DATASET SECTION
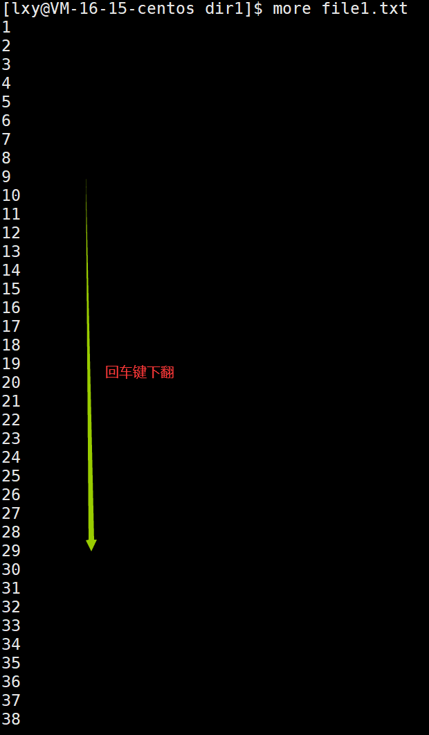注意: more指令只能通过按回车键进行下翻操作,无法进行上翻操作,并且more指令在查看之前会先加载整个文件。
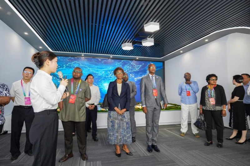 考察團一行先后參觀了中偉科技館、中偉全球研發中心等,詳細了解中偉發展歷程、科技創新以及全球產業布局等情況。在科技館,劉一重點向考察團介紹了中偉“資源開發-材料智造-全球循環”的新能源材料產業生態以及公司圍繞這一生態所作的的全球產業布局。代表團成員認真聆聽,對中偉的生態化、全球化發展表示由衷的贊賞,并不時就中偉在非洲產業布局和未來規劃進行問詢,探討深入合作的可能性。
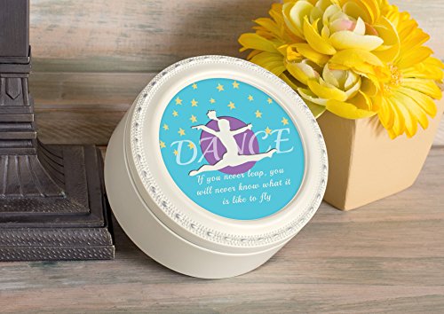 Dance if You Never Leap Stars Glossy Ivory Round Jewelry Music Box Plays Tune Wonderful World
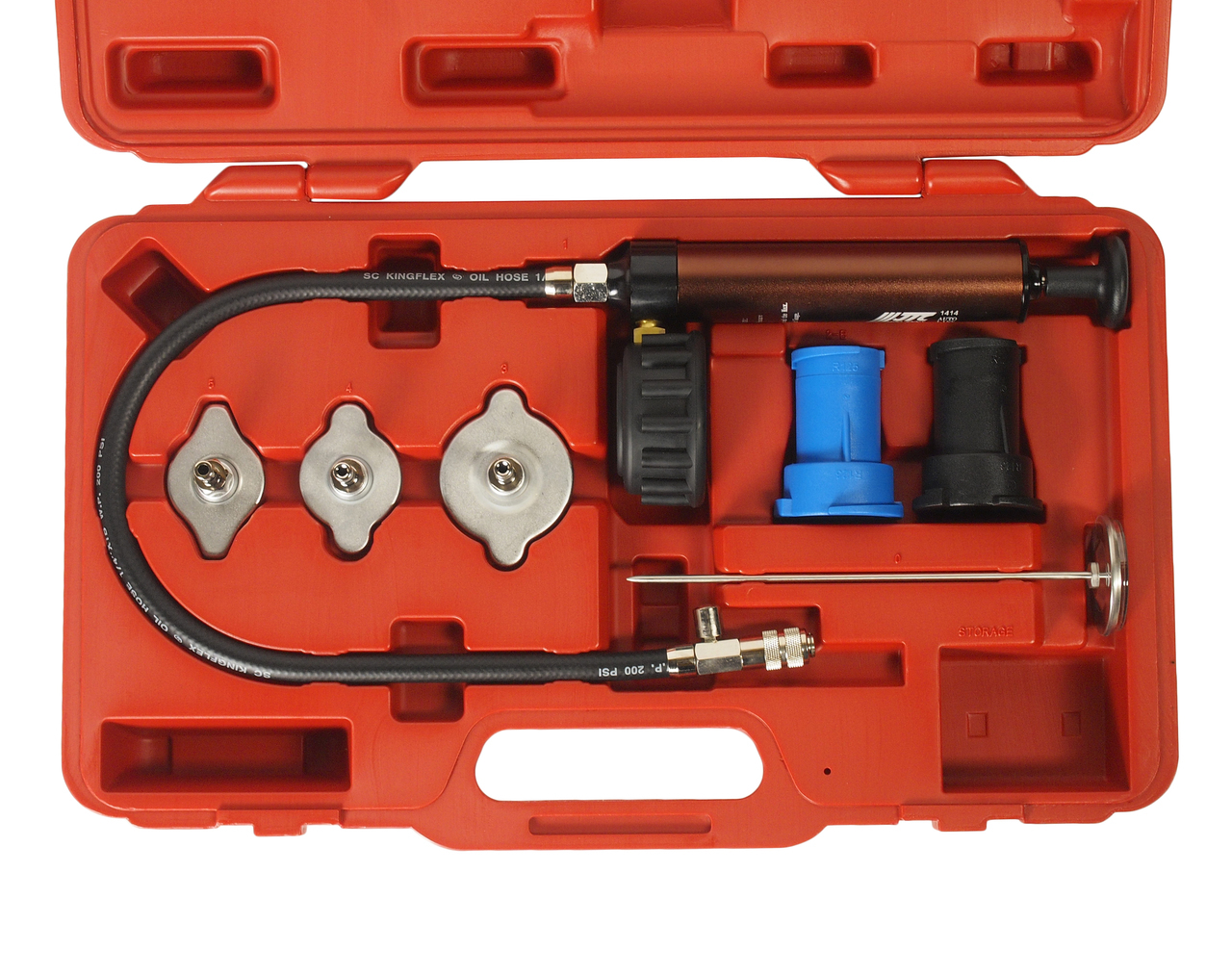 Предназначен для проверки герметичности системы охлаждения двигателя. Применяется: Mercedes, GM (Buick), Jeep, Peugeot, Subaru, Chrysler, Acura, GM (Nova,Spectrum, Sprint), Mitsubishi, Nissan, Mazda, Toyota, Infiniti, Geo, Suzuki, Isuzu, Ford, Honda. Габаритные размеры: -/-/- мм. (Д/Ш/В)

EXERCISE DIRECTIONS
Pictures are to be left out. Otherwise, copy the material above exactly.

SOLUTION FOR THIS EXERCISE
注意: more指令只能通过按回车键进行下翻操作,无法进行上翻操作,并且more指令在查看之前会先加载整个文件。
 考察團一行先后參觀了中偉科技館、中偉全球研發中心等,詳細了解中偉發展歷程、科技創新以及全球產業布局等情況。在科技館,劉一重點向考察團介紹了中偉“資源開發-材料智造-全球循環”的新能源材料產業生態以及公司圍繞這一生態所作的的全球產業布局。代表團成員認真聆聽,對中偉的生態化、全球化發展表示由衷的贊賞,并不時就中偉在非洲產業布局和未來規劃進行問詢,探討深入合作的可能性。
 Dance if You Never Leap Stars Glossy Ivory Round Jewelry Music Box Plays Tune Wonderful World
 Предназначен для проверки герметичности системы охлаждения двигателя. Применяется: Mercedes, GM (Buick), Jeep, Peugeot, Subaru, Chrysler, Acura, GM (Nova,Spectrum, Sprint), Mitsubishi, Nissan, Mazda, Toyota, Infiniti, Geo, Suzuki, Isuzu, Ford, Honda. Габаритные размеры: -/-/- мм. (Д/Ш/В)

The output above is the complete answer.